• **Exercise requirements**
Word for word, restate the entries below from their first line through the line that contains "tão perto de".

Records from a collection:

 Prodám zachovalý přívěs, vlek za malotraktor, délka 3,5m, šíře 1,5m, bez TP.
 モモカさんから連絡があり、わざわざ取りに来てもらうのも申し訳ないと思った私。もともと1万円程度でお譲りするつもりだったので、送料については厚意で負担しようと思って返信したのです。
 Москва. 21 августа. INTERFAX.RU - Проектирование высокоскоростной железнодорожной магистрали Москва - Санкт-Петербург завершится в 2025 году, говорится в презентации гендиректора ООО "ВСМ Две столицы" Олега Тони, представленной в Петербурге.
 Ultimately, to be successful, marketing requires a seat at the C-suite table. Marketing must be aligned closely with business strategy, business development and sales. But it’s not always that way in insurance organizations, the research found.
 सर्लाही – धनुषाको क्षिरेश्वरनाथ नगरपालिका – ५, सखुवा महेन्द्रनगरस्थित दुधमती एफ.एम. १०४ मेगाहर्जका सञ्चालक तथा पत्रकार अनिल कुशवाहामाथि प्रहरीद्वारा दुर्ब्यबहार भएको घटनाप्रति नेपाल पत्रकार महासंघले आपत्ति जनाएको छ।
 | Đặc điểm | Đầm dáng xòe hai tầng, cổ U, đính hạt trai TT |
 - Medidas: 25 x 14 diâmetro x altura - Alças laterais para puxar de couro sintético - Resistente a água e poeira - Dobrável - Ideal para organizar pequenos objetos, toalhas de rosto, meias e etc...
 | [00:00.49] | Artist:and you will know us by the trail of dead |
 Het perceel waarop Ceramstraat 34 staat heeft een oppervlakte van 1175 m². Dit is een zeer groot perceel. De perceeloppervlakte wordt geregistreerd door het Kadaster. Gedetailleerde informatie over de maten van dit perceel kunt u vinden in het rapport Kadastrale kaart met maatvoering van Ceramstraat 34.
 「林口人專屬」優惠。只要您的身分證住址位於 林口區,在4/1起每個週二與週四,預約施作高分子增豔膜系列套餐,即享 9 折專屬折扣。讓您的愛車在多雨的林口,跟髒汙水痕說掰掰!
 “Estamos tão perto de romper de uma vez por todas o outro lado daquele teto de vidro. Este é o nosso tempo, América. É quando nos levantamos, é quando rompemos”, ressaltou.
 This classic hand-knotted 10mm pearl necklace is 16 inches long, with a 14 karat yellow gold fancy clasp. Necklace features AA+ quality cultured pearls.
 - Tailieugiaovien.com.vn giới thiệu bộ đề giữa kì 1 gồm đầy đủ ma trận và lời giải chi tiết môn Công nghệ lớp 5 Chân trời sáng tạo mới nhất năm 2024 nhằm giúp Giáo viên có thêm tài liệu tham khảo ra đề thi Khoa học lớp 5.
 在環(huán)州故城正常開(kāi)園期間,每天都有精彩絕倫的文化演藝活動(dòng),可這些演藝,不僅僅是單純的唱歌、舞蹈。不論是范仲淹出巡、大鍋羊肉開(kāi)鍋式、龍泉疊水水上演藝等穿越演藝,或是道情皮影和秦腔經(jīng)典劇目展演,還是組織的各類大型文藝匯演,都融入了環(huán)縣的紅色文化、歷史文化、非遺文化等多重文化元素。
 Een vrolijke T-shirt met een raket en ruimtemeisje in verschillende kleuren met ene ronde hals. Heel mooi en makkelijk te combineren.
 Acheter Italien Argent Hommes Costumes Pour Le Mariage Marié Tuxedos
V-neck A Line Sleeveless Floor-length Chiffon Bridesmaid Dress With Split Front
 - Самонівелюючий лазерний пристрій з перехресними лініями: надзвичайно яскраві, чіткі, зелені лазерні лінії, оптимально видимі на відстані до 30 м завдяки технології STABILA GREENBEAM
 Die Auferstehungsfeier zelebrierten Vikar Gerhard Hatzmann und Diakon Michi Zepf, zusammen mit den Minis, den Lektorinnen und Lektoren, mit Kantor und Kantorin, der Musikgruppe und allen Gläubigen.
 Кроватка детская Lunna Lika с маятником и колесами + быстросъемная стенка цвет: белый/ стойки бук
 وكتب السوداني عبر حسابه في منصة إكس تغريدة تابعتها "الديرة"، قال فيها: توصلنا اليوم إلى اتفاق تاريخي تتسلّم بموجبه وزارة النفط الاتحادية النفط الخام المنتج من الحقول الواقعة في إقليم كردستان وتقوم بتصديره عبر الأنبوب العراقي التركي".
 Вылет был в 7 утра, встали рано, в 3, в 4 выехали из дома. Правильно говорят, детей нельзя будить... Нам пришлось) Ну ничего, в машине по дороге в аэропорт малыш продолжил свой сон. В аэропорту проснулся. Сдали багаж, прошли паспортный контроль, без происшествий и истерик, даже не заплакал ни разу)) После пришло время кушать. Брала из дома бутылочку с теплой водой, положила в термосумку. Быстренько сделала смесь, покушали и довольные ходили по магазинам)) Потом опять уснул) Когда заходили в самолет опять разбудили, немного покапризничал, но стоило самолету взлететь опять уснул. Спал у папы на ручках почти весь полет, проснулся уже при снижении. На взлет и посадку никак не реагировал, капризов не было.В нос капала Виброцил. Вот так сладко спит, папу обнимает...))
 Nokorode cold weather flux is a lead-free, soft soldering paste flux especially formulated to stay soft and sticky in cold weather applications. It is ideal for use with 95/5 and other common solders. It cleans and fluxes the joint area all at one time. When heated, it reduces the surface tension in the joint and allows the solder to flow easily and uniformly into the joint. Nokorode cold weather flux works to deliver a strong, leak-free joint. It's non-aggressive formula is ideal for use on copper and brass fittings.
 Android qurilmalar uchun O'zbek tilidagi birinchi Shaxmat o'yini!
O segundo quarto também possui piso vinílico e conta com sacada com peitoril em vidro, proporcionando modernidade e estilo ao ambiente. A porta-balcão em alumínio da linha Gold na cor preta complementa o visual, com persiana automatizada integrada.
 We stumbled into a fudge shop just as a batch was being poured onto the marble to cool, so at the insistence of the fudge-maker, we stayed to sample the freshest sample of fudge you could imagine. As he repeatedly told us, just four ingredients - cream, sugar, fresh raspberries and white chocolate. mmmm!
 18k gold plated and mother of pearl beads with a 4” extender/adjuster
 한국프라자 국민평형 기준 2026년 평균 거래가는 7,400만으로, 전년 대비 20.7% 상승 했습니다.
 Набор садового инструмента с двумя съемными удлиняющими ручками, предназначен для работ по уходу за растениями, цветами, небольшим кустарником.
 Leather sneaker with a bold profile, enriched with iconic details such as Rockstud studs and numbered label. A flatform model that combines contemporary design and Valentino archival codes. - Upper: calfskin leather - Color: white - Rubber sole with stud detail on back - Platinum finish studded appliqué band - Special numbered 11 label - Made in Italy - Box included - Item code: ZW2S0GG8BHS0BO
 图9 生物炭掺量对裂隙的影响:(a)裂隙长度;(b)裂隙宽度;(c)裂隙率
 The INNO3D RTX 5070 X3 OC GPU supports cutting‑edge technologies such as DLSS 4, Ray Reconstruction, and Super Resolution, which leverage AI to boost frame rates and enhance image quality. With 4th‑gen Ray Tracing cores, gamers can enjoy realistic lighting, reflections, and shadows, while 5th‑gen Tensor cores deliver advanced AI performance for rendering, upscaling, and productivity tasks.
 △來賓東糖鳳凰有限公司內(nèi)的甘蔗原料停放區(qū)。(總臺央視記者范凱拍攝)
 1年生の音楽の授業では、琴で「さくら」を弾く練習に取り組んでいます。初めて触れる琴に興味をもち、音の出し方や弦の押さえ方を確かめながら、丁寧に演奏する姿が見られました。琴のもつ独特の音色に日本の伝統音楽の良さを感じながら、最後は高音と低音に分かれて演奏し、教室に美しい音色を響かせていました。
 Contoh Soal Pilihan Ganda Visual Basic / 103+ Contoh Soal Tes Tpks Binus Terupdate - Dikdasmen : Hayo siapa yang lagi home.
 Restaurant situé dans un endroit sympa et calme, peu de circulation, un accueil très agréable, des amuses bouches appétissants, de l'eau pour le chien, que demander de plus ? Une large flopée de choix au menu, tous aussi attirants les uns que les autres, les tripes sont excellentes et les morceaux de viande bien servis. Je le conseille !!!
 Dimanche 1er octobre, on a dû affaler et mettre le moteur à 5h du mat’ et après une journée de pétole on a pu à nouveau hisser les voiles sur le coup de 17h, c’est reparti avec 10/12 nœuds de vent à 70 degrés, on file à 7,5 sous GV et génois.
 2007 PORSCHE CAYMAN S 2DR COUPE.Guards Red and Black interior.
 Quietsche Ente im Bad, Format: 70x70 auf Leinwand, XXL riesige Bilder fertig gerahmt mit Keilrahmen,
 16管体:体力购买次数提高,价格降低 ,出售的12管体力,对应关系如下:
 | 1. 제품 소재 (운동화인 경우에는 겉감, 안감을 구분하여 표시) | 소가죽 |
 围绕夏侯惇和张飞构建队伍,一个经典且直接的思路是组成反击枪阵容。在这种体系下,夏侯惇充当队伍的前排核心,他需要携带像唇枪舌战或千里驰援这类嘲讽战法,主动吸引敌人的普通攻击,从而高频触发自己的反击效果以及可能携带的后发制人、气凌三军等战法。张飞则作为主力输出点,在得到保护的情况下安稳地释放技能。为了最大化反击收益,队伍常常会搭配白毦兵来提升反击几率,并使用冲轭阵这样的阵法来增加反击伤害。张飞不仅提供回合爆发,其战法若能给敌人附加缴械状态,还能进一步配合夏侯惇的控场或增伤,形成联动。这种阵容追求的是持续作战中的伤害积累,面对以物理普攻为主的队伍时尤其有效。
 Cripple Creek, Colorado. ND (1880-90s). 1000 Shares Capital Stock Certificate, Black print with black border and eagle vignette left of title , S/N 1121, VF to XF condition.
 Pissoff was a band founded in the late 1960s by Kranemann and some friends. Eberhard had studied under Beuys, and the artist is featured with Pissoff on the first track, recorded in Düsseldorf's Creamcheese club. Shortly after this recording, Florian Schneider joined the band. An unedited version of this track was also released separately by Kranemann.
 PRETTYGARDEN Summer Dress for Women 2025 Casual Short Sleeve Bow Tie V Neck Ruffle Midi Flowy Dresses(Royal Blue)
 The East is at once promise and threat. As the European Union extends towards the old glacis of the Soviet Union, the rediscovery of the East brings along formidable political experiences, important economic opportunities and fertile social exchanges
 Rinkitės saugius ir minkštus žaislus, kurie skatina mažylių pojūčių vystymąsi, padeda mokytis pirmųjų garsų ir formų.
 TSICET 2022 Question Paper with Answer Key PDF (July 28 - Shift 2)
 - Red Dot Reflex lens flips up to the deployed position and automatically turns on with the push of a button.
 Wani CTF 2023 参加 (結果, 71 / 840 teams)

• **Output of the task**
 Prodám zachovalý přívěs, vlek za malotraktor, délka 3,5m, šíře 1,5m, bez TP.
 モモカさんから連絡があり、わざわざ取りに来てもらうのも申し訳ないと思った私。もともと1万円程度でお譲りするつもりだったので、送料については厚意で負担しようと思って返信したのです。
 Москва. 21 августа. INTERFAX.RU - Проектирование высокоскоростной железнодорожной магистрали Москва - Санкт-Петербург завершится в 2025 году, говорится в презентации гендиректора ООО "ВСМ Две столицы" Олега Тони, представленной в Петербурге.
 Ultimately, to be successful, marketing requires a seat at the C-suite table. Marketing must be aligned closely with business strategy, business development and sales. But it’s not always that way in insurance organizations, the research found.
 सर्लाही – धनुषाको क्षिरेश्वरनाथ नगरपालिका – ५, सखुवा महेन्द्रनगरस्थित दुधमती एफ.एम. १०४ मेगाहर्जका सञ्चालक तथा पत्रकार अनिल कुशवाहामाथि प्रहरीद्वारा दुर्ब्यबहार भएको घटनाप्रति नेपाल पत्रकार महासंघले आपत्ति जनाएको छ।
 | Đặc điểm | Đầm dáng xòe hai tầng, cổ U, đính hạt trai TT |
 - Medidas: 25 x 14 diâmetro x altura - Alças laterais para puxar de couro sintético - Resistente a água e poeira - Dobrável - Ideal para organizar pequenos objetos, toalhas de rosto, meias e etc...
 | [00:00.49] | Artist:and you will know us by the trail of dead |
 Het perceel waarop Ceramstraat 34 staat heeft een oppervlakte van 1175 m². Dit is een zeer groot perceel. De perceeloppervlakte wordt geregistreerd door het Kadaster. Gedetailleerde informatie over de maten van dit perceel kunt u vinden in het rapport Kadastrale kaart met maatvoering van Ceramstraat 34.
 「林口人專屬」優惠。只要您的身分證住址位於 林口區,在4/1起每個週二與週四,預約施作高分子增豔膜系列套餐,即享 9 折專屬折扣。讓您的愛車在多雨的林口,跟髒汙水痕說掰掰!
 “Estamos tão perto de romper de uma vez por todas o outro lado daquele teto de vidro. Este é o nosso tempo, América. É quando nos levantamos, é quando rompemos”, ressaltou.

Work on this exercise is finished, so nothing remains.